We present a theoretical analysis of the effect of inelastic electron scattering on current and its fluctuations in a mesoscopic quantum dot (QD) connected to two leads, based on a recently developed nonperturbative technique involving the approximate mapping of the many-body electron-phonon coupling problem onto a multichannel single-electron scattering problem. In this, we apply the Büttiker scattering theory of shot noise for a two-terminal mesoscopic device to the multichannel case with differing weight factors and examine zero-frequency shot noise for two special cases: (i) a single-molecule QD and (ii) coupled semiconductor QDs. The nonequilibrium Green’s function method facilitates calculation of single-electron transmission and reflection amplitudes for inelastic processes under nonequilibrium conditions in the mapping model. For the single-molecule QD we find that, in the presence of the electron-phonon interaction, both differential conductance and differential shot noise display additional peaks as bias-voltage increases due to phonon-assisted processes. In the case of coupled QDs, our nonperturbative calculations account for the electron-phonon interaction on an equal footing with couplings to the leads, as well as the coupling between the two dots. Our results exhibit oscillations in both the current and shot noise as functions of the energy difference between the two QDs, resulting from the spontaneous emission of phonons in the nonlinear transport process. In the “zero-phonon” resonant tunneling regime, the shot noise exhibits a double peak, while in the “one-phonon” region, only a single peak appears.

Figure 1

Schematic description of the inelastic scattering problem for (a) a single site and (b) two sites in series, both with on-site EPI. Each phonon state of the site, taken jointly with the Bloch state of the electron in the lead, can be visualized as a pseudochannel labeled by $n$, which is connected to the two leads with hopping parameters ${\Gamma }_{L∕R}$. These channels are connected vertically by the EPI, ${\lambda }_j$.

Figure 2

(a) The calculated total current $I$ (thick line), elastic current $I^{\mathrm{el}}$ (thin line); (b) the zero-frequency shot noise $S$ (thick line), its elastic part $S^{\mathrm{el}}$ (thin line); and (c) the corresponding differential conductance $dI∕dV$ (dashed line) and differential shot noise $dS∕dV$ (solid line) as functions of applied bias voltage for a single-molecular QD with bare level ${ϵ}_d=1.0$. For comparison, we also plot the current and shot noise in the case without the phonon bath.

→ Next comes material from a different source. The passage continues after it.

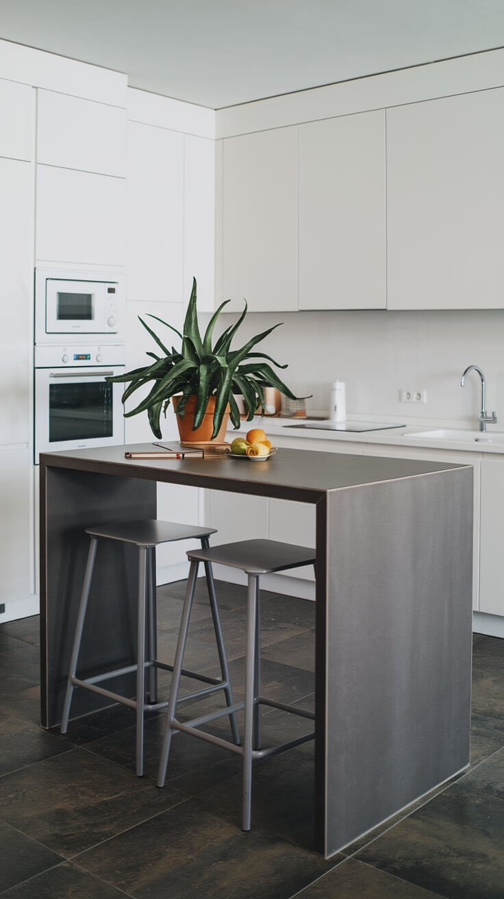 The minimalist galley island is a great way to keep your kitchen neat and stylish. With clean lines and simple decor, it creates a calm vibe in the space. Plus, it offers plenty of storage for all your kitchen essentials.
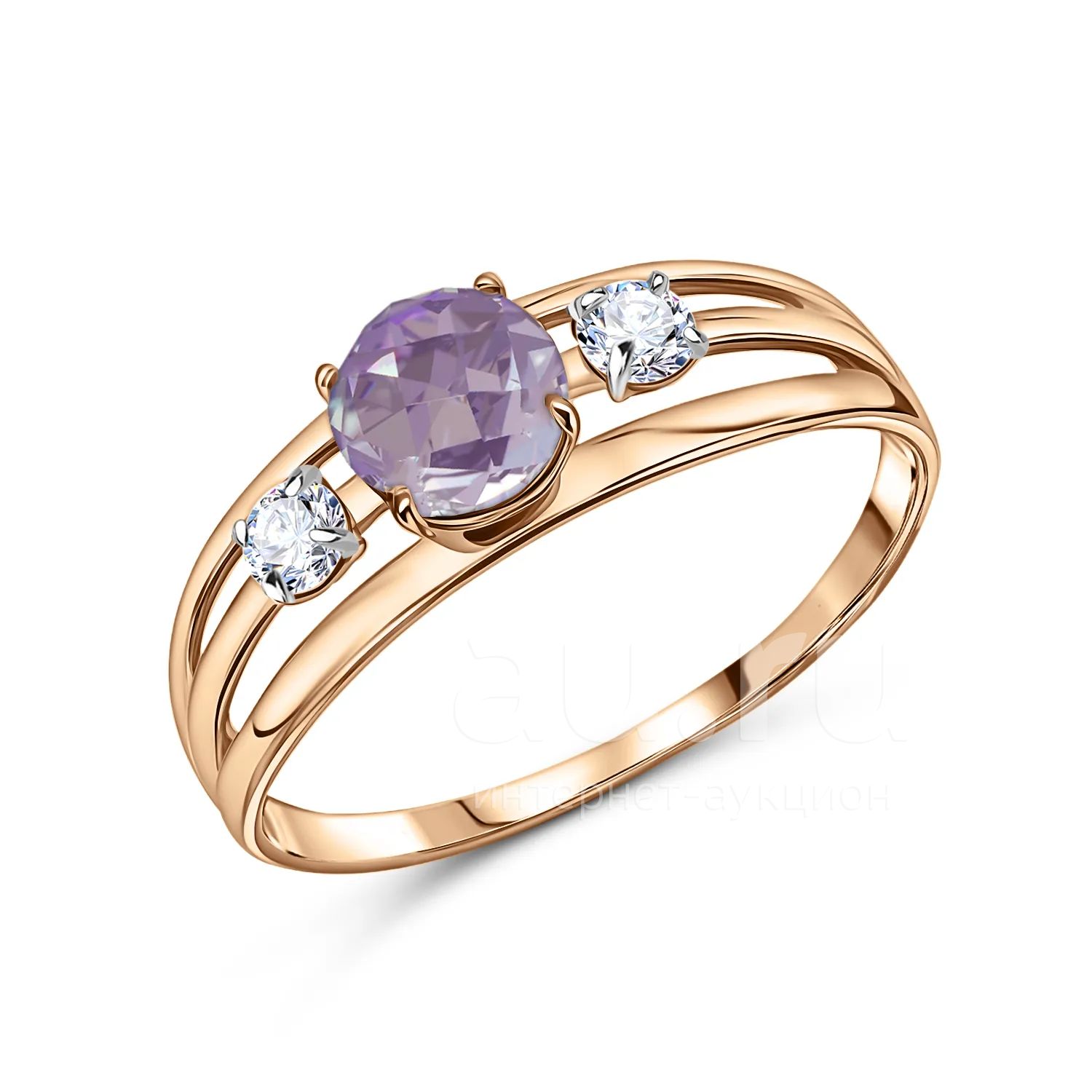 159 990руб.Золотое кольцо с аметистом и фианитами с родированием

The other parameters used in the calculation are $\Gamma =0.04$, ${\omega }_{ph}=1.0$, and $\lambda =0.5$. The temperature is set to $T=0.04$.

Figure 3

Fano factor vs bias-voltage $V$. Solid line denotes results with EPI, while the dashed line denotes results without EPI. The parameters are the same as in Fig. 2.

Figure 4

Predicted tunneling current as a function of the energy difference, $\epsilon$. (a) The total current $I_{\mathrm{tot}}$, its elastic component $I_{\mathrm{el}}$, its inelastic part $I_{\mathrm{inel}}$, and the current without phonon bath (thin line) vs $\epsilon$ (with $\Gamma =T_c=0.25$, EPI constants ${\lambda }_1=-{\lambda }_2=0.1875$, and temperature $T=0.125$); (b) the total currents (thick lines) and currents without EPI (thin lines) for various couplings, $T_c$, between the two QDs.

Figure 5

Zero-frequency shot noise vs $\epsilon$. (a) Total shot noise, $S_{\mathrm{tot}}$; its elastic part, $S_{\mathrm{el}}$; its inelastic part, $S_{\mathrm{inel}}$; and shot noise with no EPI (thin line). The parameters are the same as in Fig. 4a; (b) shot noise with (thick lines) and without (thin lines) EPI for several different values of $T_c$.

Figure 6

Fano factor vs $\epsilon$. (a) Fano factors with (thick curve) and without (thin curve) EPI for the same system as in Fig. 4a; (b) Fano factors for several different values of $T_c$.